I got the rollbar from a place in Northridge, Ca... it's an autopower bar... $250 i think. Fairly easy install... no the rear panels I took out for some other reason and havn't put them back in yet. I've never auto-x'd just done track work. I've had 3 days so far at willow springs.


----------



## 2SR20DE (May 17, 2003)

sno said:


> nice car. this thread is probably gonna get moved tho.


yeah oh well... I figure b13 guys would be more interested than the entire board.


----------



## 2SR20DE (May 17, 2003)

jingjing said:


> gauges look really good so does the rollcage. you should get a rear st swaybar.

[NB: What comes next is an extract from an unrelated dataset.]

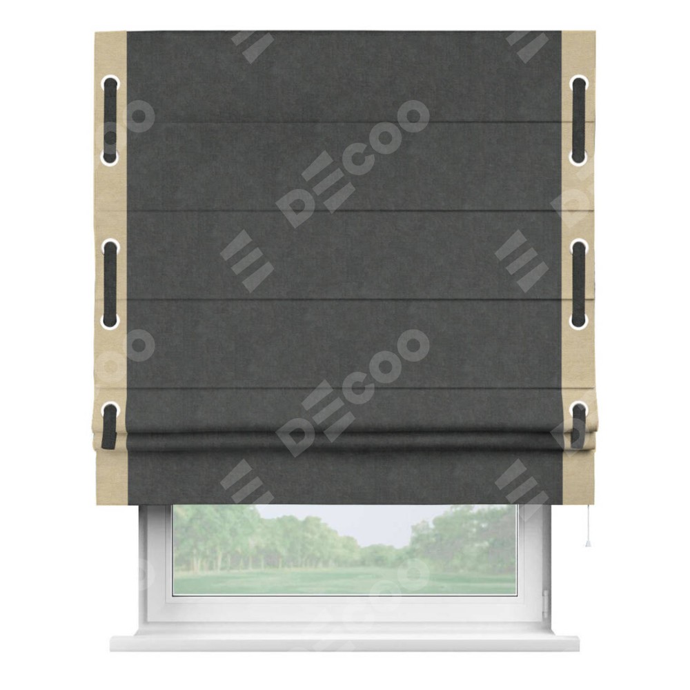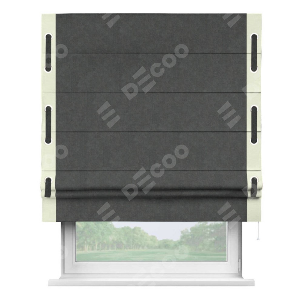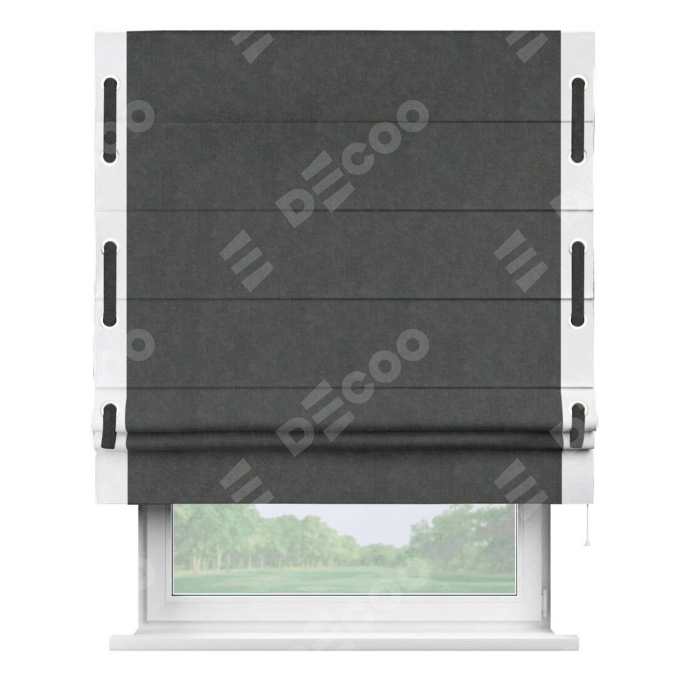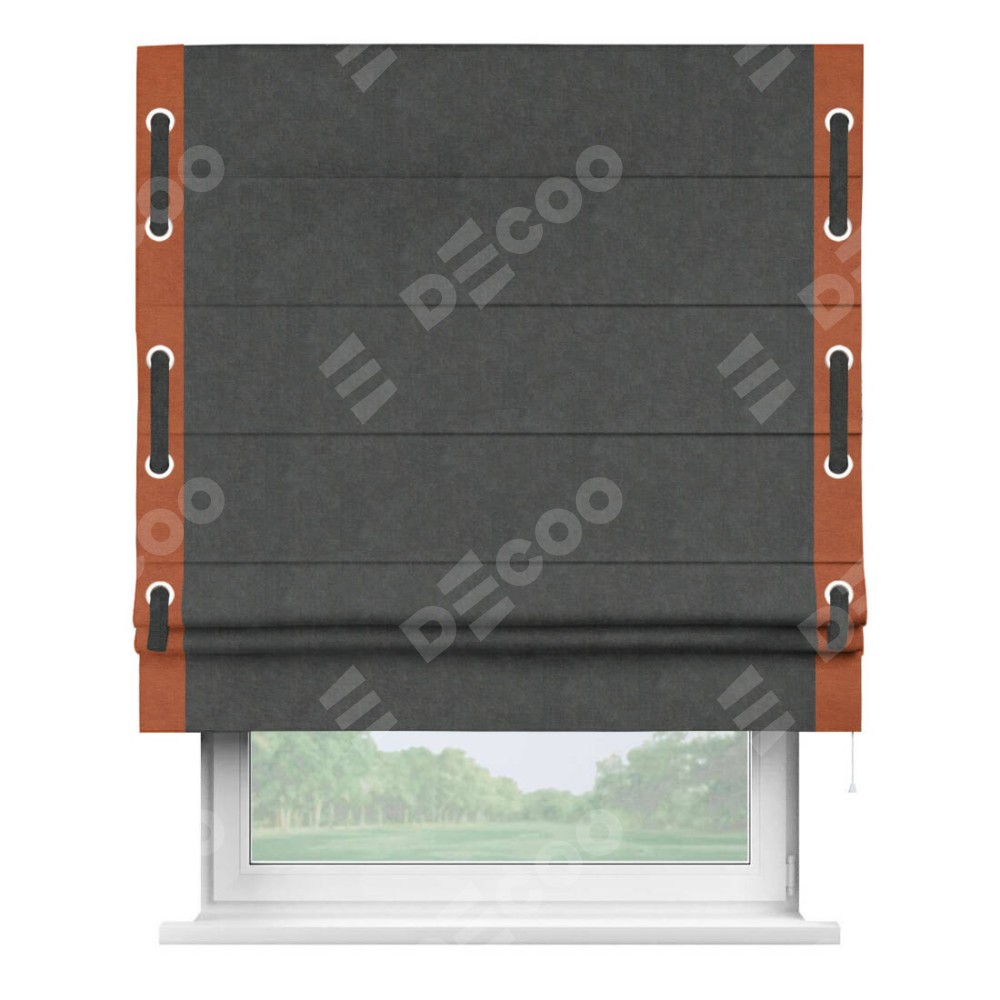 Римская штора производителя «Cortin», используется для проёма, пошита из ткани вельвет тёмно-серый, артикул ткани 33811. Отделка шторы кантом «Стрим Дуо» на кантах расположены люверсы с пояском, ткань для канта используется из вельвета разной расцветки на выбор. Ткань для пояска обычно используется из основной ткани шторы, а так же можно сделать из любой расцветки по желанию. Имеет универсальный механизм и подходит для монтажа: на потолок, на стену и в нишу.

I'm liking the handling how it is now... I'm going to keep it this way for a while.


----------



## 2SR20DE (May 17, 2003)

NotAnotherHonda said:


> i like the rollbar..i use to have one, but had to sell it to make some money for my turbo...anyways, i think you should take the padding off of it...it looks more aggressive, and less NASCARish....good job though


I do like the bar w/o padding... but it's my daily driver... can you imagine what your skull would look like if it smacked that thing in an accident? Not a good idea to have a bar in the car without padding even if your wearing a helmet. During a crash even a helmet repeatedly banged on the bar can become useless. It's not just foam padding it's the rollbar specific stuff. It's abnormally shaped so as to put most of the absorbing material toward the passangers and maybe a quarter inch up top.


----------



## 2SR20DE (May 17, 2003)

B11sleeper said:


> pretty nice overall. I would put in another gauge inplace of the voltmeter. I just think they're silly unless u have a total loss system where voltage is needed to be watched closely.
> 
> it looks like a fun car!


Well... see I havn't decided on this yet. The obvious choice is a oil temp gauge. Oil temp I know takes a butt long time to get up to temp so I wait a while for it to get warmed up before I do anything serious with it. Anyway the voltmeter was cheap and easy so I did that until I decide what gauge to get, I may go turbo so there you go. It's kinda handy being able to keep an eye on the batt and alternator.


----------



## darufone (Dec 19, 2003)

Love your B13...keep doin' what you do. :thumbup:


----------